Top of Data records

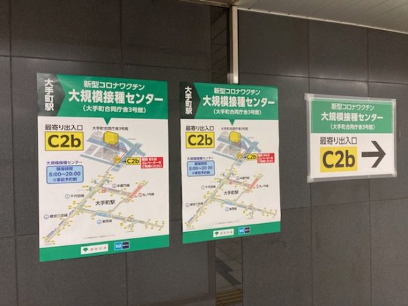 東京の大規模接種センターの会場は、大手町の合同庁舎。地下鉄大手町駅で降りると、いたるところに大規模接種センターへの道順が書かれたポスターが貼られているので、迷子の心配はありません。いざ、受付の白いテントへ。
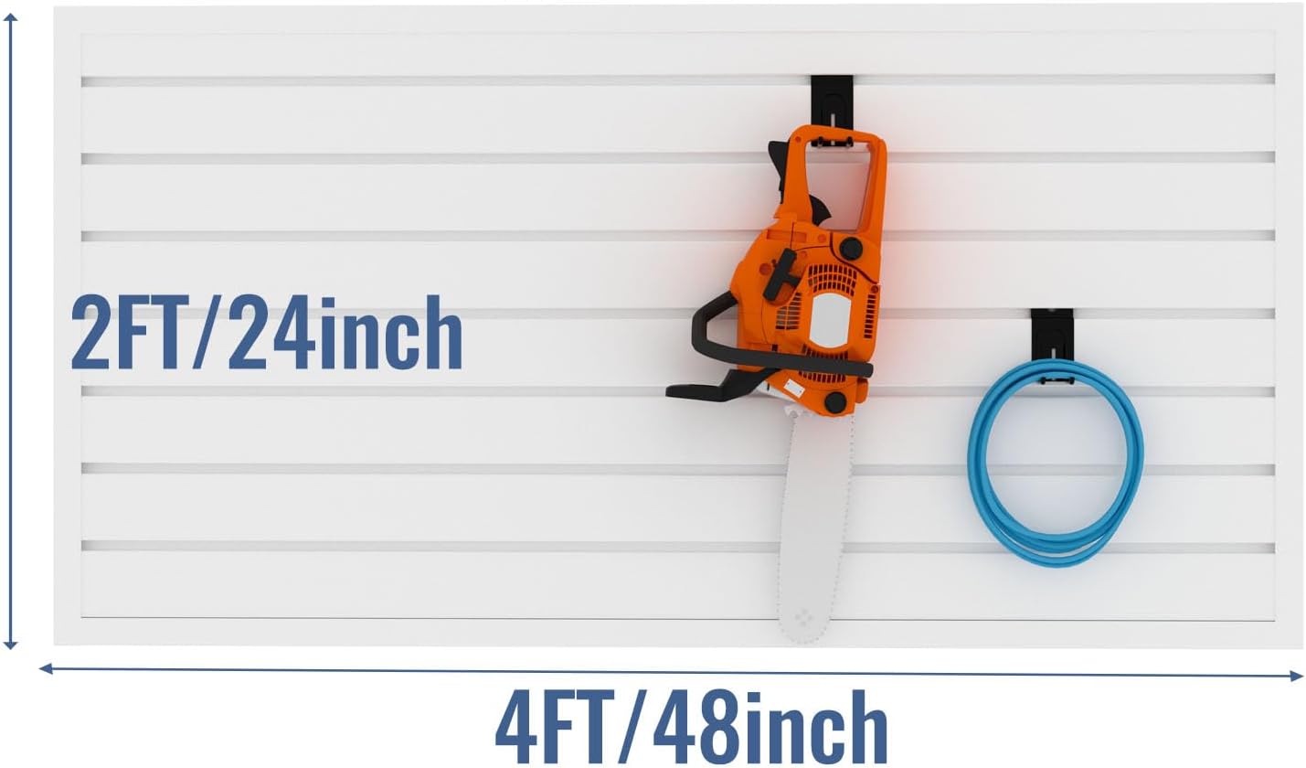 Slatwall Panel Garage Organizer PVC Slatwall Heavy Duty Wall Mounted Rack, Interlocking Slat Wall Panels for Tool Organization Peg Board(White 4 x 2 ft)
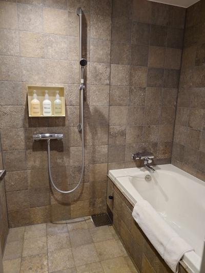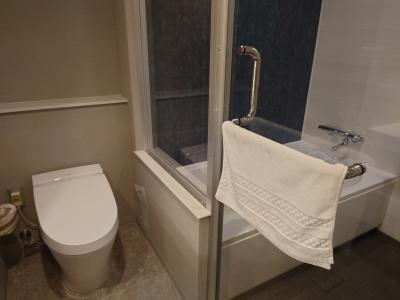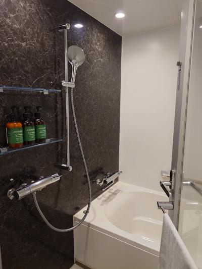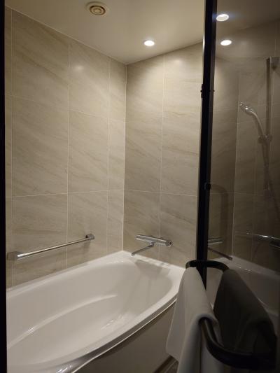 ホテルから高架を走る電車が見えるほど、博多駅から近いホテルです。今回はクラブフロアを利用しました。クラブフロアのルームキーは木製です。また、今回利用した部屋のバスルームは洗い場があるタイプでゆっくりくつろぐことができました。
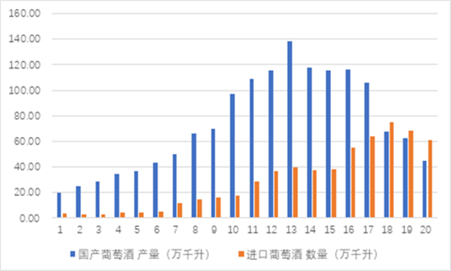 假如時光倒流20年,葡萄酒在中國也是稀罕物,是高端人士過上時尚生活的標志,雖然規模有限只有23.65萬千升,但國產葡萄酒有20.19萬千升,而進口葡萄酒只有3.46萬千升。20年后的今天,中國葡萄酒的市場規模達到92.1萬千升,國產葡萄酒產量為45.1萬千升,而進口葡萄酒的已經達到61.25萬千升。專業人士稱,這已經是進口葡萄酒連續三年超過國產葡萄酒了。
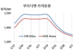 부타디엔(Butadiene)은 하락했다. 부타디엔 시세는 3월7일 FOB Korea가 톤당 1340달러로 20달러 하락했고, CFR SE Asia는 1300달러로 변동이 없었다. 중화권은 CFR China는 1350달러로 20달러, CFR Taiwan은 1360달러로 10달러 떨어졌다. |

Bottom of Data records

● **Problem description**
Reproduce exactly, with every picture left out, the lines from the one that contains "ホテルから高架を走る電車が見" to the final line of the records above.

● **The answer**
 ホテルから高架を走る電車が見えるほど、博多駅から近いホテルです。今回はクラブフロアを利用しました。クラブフロアのルームキーは木製です。また、今回利用した部屋のバスルームは洗い場があるタイプでゆっくりくつろぐことができました。
 假如時光倒流20年,葡萄酒在中國也是稀罕物,是高端人士過上時尚生活的標志,雖然規模有限只有23.65萬千升,但國產葡萄酒有20.19萬千升,而進口葡萄酒只有3.46萬千升。20年后的今天,中國葡萄酒的市場規模達到92.1萬千升,國產葡萄酒產量為45.1萬千升,而進口葡萄酒的已經達到61.25萬千升。專業人士稱,這已經是進口葡萄酒連續三年超過國產葡萄酒了。
 부타디엔(Butadiene)은 하락했다. 부타디엔 시세는 3월7일 FOB Korea가 톤당 1340달러로 20달러 하락했고, CFR SE Asia는 1300달러로 변동이 없었다. 중화권은 CFR China는 1350달러로 20달러, CFR Taiwan은 1360달러로 10달러 떨어졌다. |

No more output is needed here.